The client is responsible for implementing adequate security measures to protect its systems and prevent unauthorized use of the Company’s technology.

Competitor Clause:

The Company reserves the right to restrict access if the client employs or contracts individuals who also work for a competitor offering similar services.

Data Protection

Compliance with Laws:

Both parties must comply with applicable data protection laws, including the General Data Protection Regulation (GDPR) or equivalent local laws.

Company’s Obligations:

  • Process client data only as necessary to fulfill its contractual obligations.
  • Implement reasonable security measures to protect client data against unauthorized access or disclosure.

Client’s Obligations:

The client warrants that it has obtained necessary permissions to share any personal or sensitive data with the Company. The client is responsible for ensuring data uploaded to the platform complies with all applicable regulations.

Data Breach Notification:

In the event of a data breach involving client data, the Company will notify the client promptly and take appropriate measures to mitigate risks.

Retention of Data:

Upon termination of the agreement, the Company will retain client data only as required by law or regulatory obligations.

Indemnification

Company’s Indemnity:

The Company agrees to indemnify the client against third-party claims that the client’s authorized use of the Company’s technology infringes intellectual property rights, provided:

  • The client notifies the Company promptly of the claim.
  • The Company retains control of the defense and settlement of the claim.
  • The client provides full cooperation in resolving the matter.

Client’s Indemnity:

The client agrees to indemnify and hold the Company harmless against any claims, losses, or damages arising from:

  • Breach of this agreement.
  • Fraudulent or unauthorized use of the Company’s platform or API by the client or its users.
  • Non-compliance with applicable laws, including data protection regulations.

Exclusions:

The Company’s indemnity does not apply if claims arise due to:

  • The client’s misuse or unauthorized modification of the technology.
  • Use of the platform in combination with other unauthorized software or systems.

Confidentiality

Definition of Confidential Information:

"Confidential Information" includes all non-public information shared between the parties under this agreement, including:

  • Details of the platform, API, and associated technologies.
  • Client data, business strategies, and proprietary methods.

Obligations:

Both parties agree to:

  • Maintain the confidentiality of shared information.
  • Use the information only for purposes outlined in this agreement.
  • Prevent unauthorized disclosure to third parties, except as required by law or with prior written consent.

Exceptions:

Confidentiality does not apply to information that:

  • Becomes public knowledge through no fault of the receiving party.
  • Was known to the receiving party before disclosure.
  • Is disclosed legally by a third party without restrictions.

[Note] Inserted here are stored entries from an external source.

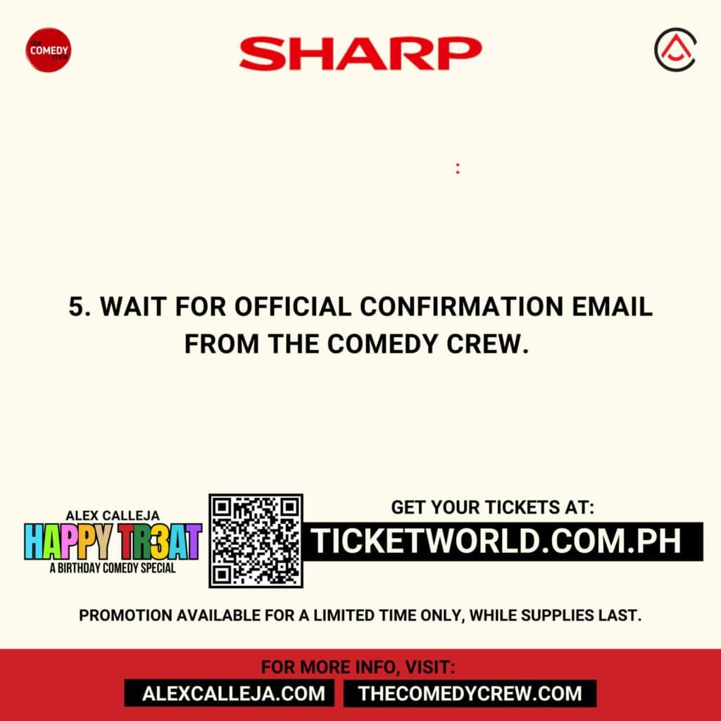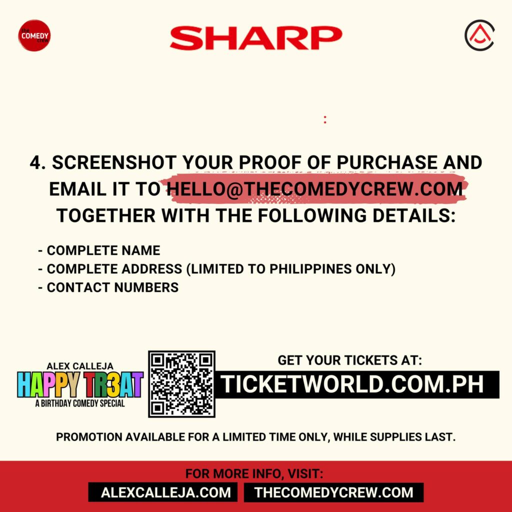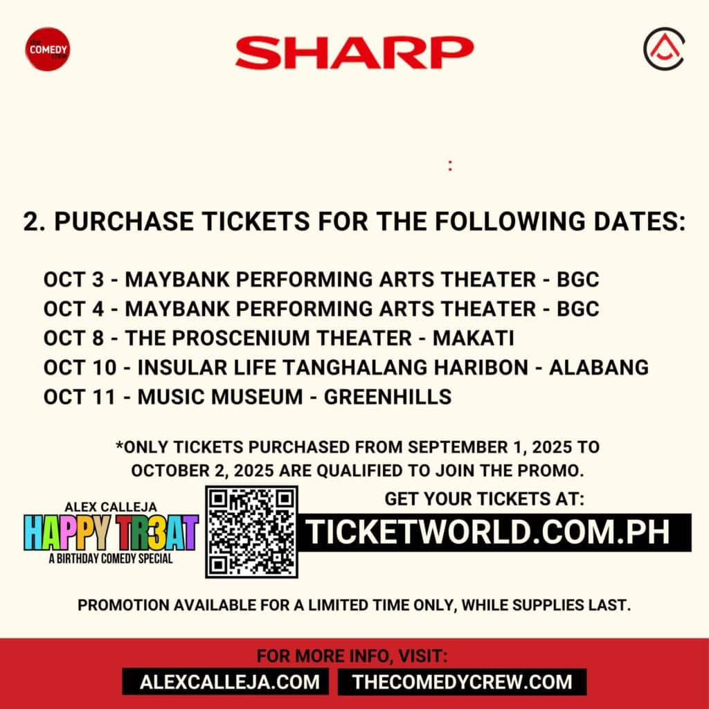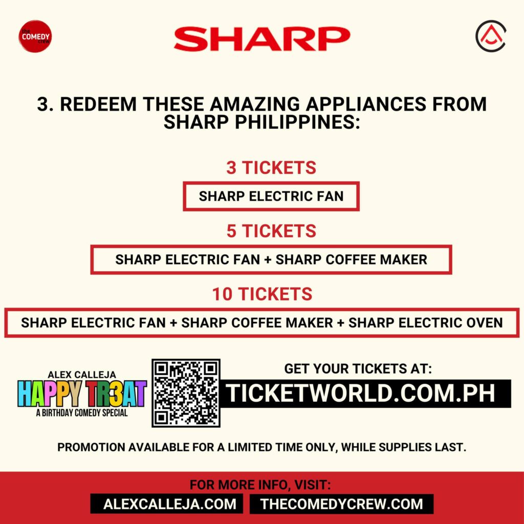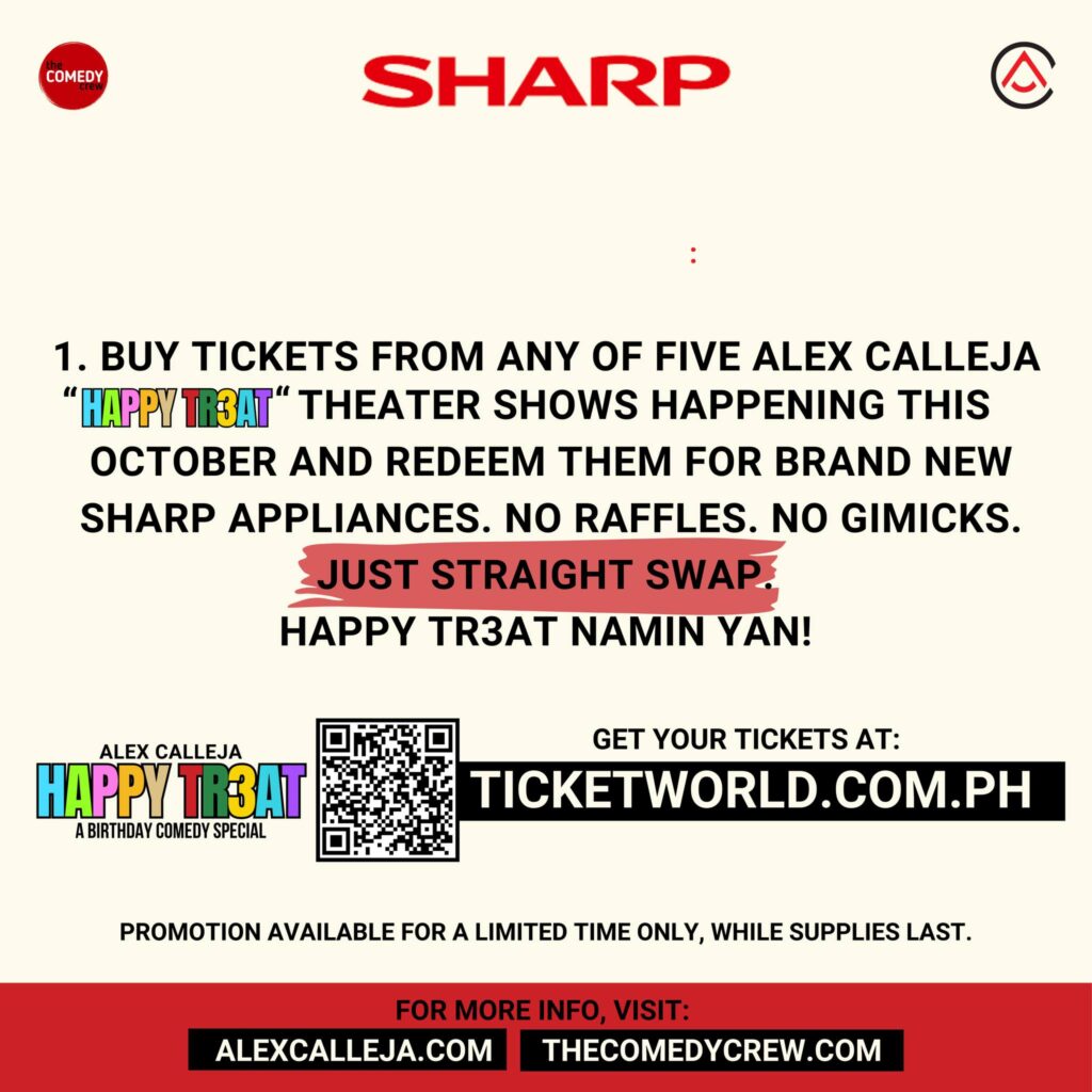 1️⃣Buy tickets from any of five Alex Calleja “HAPPY TR3AT” theater shows happening this October and redeem them for brand new Sharp Appliances.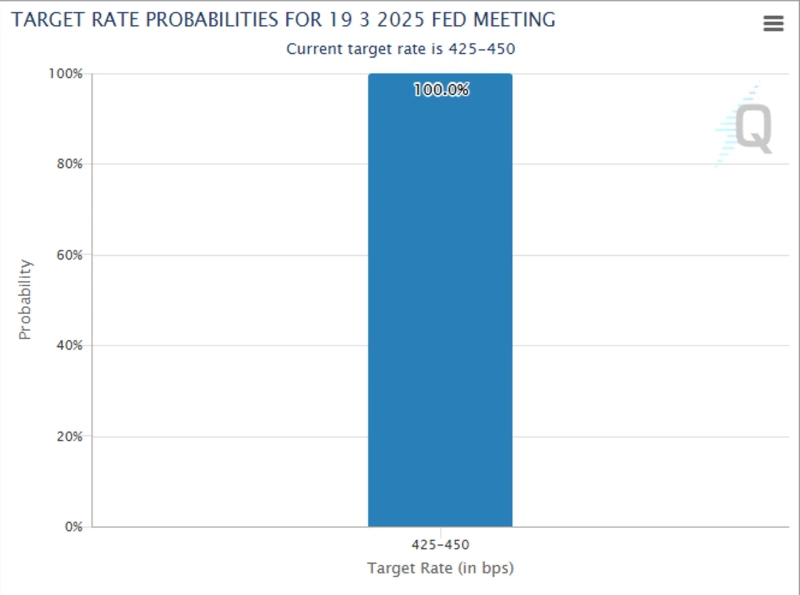 As of 7:53 AM on the 19th (Korean time), according to CME FedWatch, the probability of a rate freeze at the March FOMC is currently 100%. The Fed is scheduled to announce its decision on the benchmark interest rate at 3 AM on the 20th after a two-day FOMC meeting.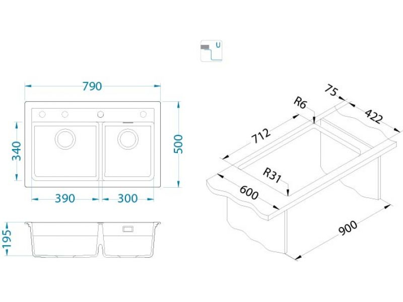 Dimensiune cuva (mm): 390*340*195, 300*340*140
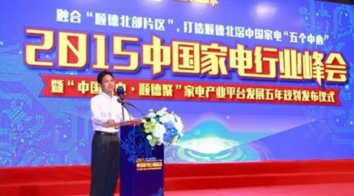 2015年7月29日,由中國國際貿(mào)易促進委員會廣東省順德區(qū)委員會、廣東省家電商會、慧聰網(wǎng)共同主辦的2015中國家電行業(yè)峰會暨“中國家電?順德聚”家電產(chǎn)業(yè)平臺發(fā)展五年規(guī)劃發(fā)布儀式在順德北滘隆重召開。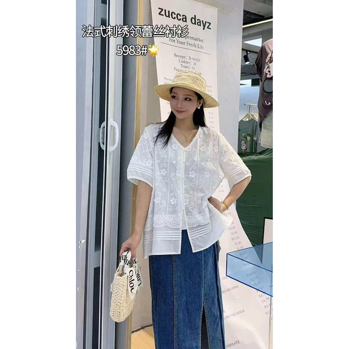 显瘦上衣衬衫 女装 蕾丝短袖 T恤半袖 5983妃儿红2026夏新款 小衫 大码

Return or Destruction of Information:

Upon termination of the agreement, each party must return or destroy all confidential information unless retention is required by law or for regulatory purposes.

Marketing

Company’s Use of Client Information:

The client consents to the Company referencing their name and logo in marketing materials, case studies, and client lists, provided:

  • The Company obtains prior written approval for using any trademarks or branding.

Client Testimonials:

The client agrees to provide a testimonial if the Company’s technology meets their expectations and requirements.

Promotional Activities:

Any joint marketing or promotional campaigns must be mutually agreed upon in advance.

Limitations of Liability

Exclusion of Certain Damages:

To the fullest extent permitted by law, neither party will be liable for:

  • Loss of profits, revenue, or anticipated savings.
  • Indirect, incidental, special, or consequential damages.
  • Loss or corruption of data.

Maximum Liability:

The Company’s total liability in connection with this agreement, whether in contract, tort, or otherwise, is limited to the greater of:

  • $100,000, or
  • The total fees paid by the client to the Company in the 12 months preceding the claim.

Exceptions:

The limitations in this section do not apply to:

  • Death or personal injury caused by negligence.
  • Fraud or willful misconduct.
  • Breaches of confidentiality or data protection obligations.
  • Indemnification obligations as specified in this agreement.

Termination

Termination by Either Party:

Either party may terminate this agreement with immediate effect if the other:

  • Commits a material breach and fails to remedy it within 30 days of receiving notice.
  • Becomes insolvent, ceases operations, or enters into bankruptcy or liquidation.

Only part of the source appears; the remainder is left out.